Augusta Belle Parsonnet was born in Bialystok, Poland (then part of the Russian Empire) on September 24, 1870 to Thomas Levine and Katherin Brodsky. The Levines immigrated to the United States in 1886, during a period of anti-Jewish persecution in Russia, settling in Newark, New Jersey. Augusta worked in her father's grocery during the day and attended evening school to prepare herself for college. On February 5, 1893, she married Victor Parsonnet, a fellow Jewish immigrant, and the couple decided to study medicine together.

From 1895 to 1896, Augusta Parsonnet attended Tufts Medical School in Boston. In 1897 she entered the Women's Medical School of the New York Infirmary for Women and Children while her husband was attending Bellevue Medical School. When their finances deteriorated, Augusta quit school and worked for the Singer Sewing Machine Company so that her husband could complete his studies. Dr. Victor Parsonnet became a prominent gynecologist with an extensive practice. He played a key role in the founding and management of Beth Israel Hospital in Newark, where Augusta was president of the hospital's Ladies Guild. Augusta had three sons, Eugene, Thomas, and Marion, between 1900 and 1905. The Parsonetts were leading figures in Newark's Jewish community, where they were known as patrons of music and the arts.

In 1907 Augusta attended a lecture by Emmeline Pankhurst, the leader of the militant English Suffragette movement. The experience convinced her of the importance of the vote for women and she threw herself enthusiastically into the campaign for suffrage in New Jersey. She helped found the Newark-based Women's Political Union (WPU) of New Jersey to advocate for women's enfranchisement. Mrs. Parsonnet served as vice president of the WPU, before assuming the presidency for 1916-17. She campaigned for the unsuccessful 1915 New Jersey Suffrage Referendum and for New Jersey's ratification of the 19thAmmendement in 1920.

In 1920, Dr. Parsonnet died suddenly of a heart attack. Augusta remained active on the board of Beth Israel and she was energetic in raising funds for the hospital's expansion in 1928. She was a committed Zionist and supported many Jewish charitable organizations such as Hadassah and B'nai B'rith. She also continued to push for expanded educational opportunities and political participation for women. During the 1920s she served as a board member of the Girls Vocational School in Newark and she was a leading member of the Contemporary, a Newark woman's club that advocated for civic improvements.

In 1927 Augusta Parsonnet became the president of the Newark chapter of the League of Women Voters, a non-partisan organization founded by Carrie Chapman Catt to encourage women's political participation now that the vote had been won. Mrs. Parsonnet believed that women were better equipped than men to understand legislation related to children's welfare and community problems. She also wanted to encourage Jewish women to become more politically involved and independent. In 1926, while raising funds for the United Jewish Appeal, she criticized women for evading civic responsibility. Equal rights were not enough, she argued, unless women assumed equal leadership with men.
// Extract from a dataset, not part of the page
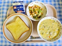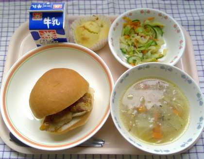 今日は食べやすいメニューだったようで、ほとんどのクラスが残菜なしでした。特に照り焼きチキンサンドとりんごのケーキが人気でした。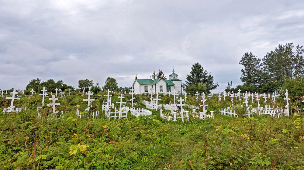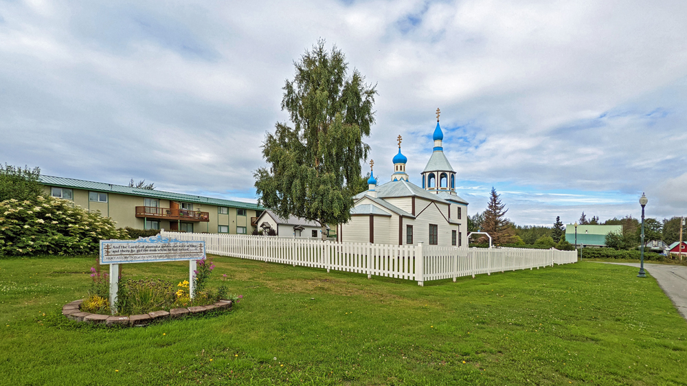 Am nächsten Tag fahren wir wieder die Küste hoch, mit einem Abstecher zur Russisch-Orthodoxen Kirche «Heilige Verklärung unseres Herrn» bei Ninilchik und nach Kenai, wo es ebenfalls eine schöne Russisch-Orthodoxe Kirche («Heilige Aufnahme der Jungfrau Maria in den Himmel») sowie weitere historische Gebäude zu betrachten gibt. Das Wetter ist heute etwas besser, was alles sehr viel freundlicher macht.

Augusta Parsonnet lived in the Weequahic section of Newark and later with her son Eugene and his family in Newark's Lincoln Park neighborhood, where she died on November 18, 1949, at the age of 79.

Sources:

John James Scannell, New Jersey's First Citizens, vol. 2 (Paterson: Scannell Publishing, 1920), pp. 351-52.

"Mrs. Parsonnet is Named President of Women Voters," Jewish Chronicle, January 27, 1927.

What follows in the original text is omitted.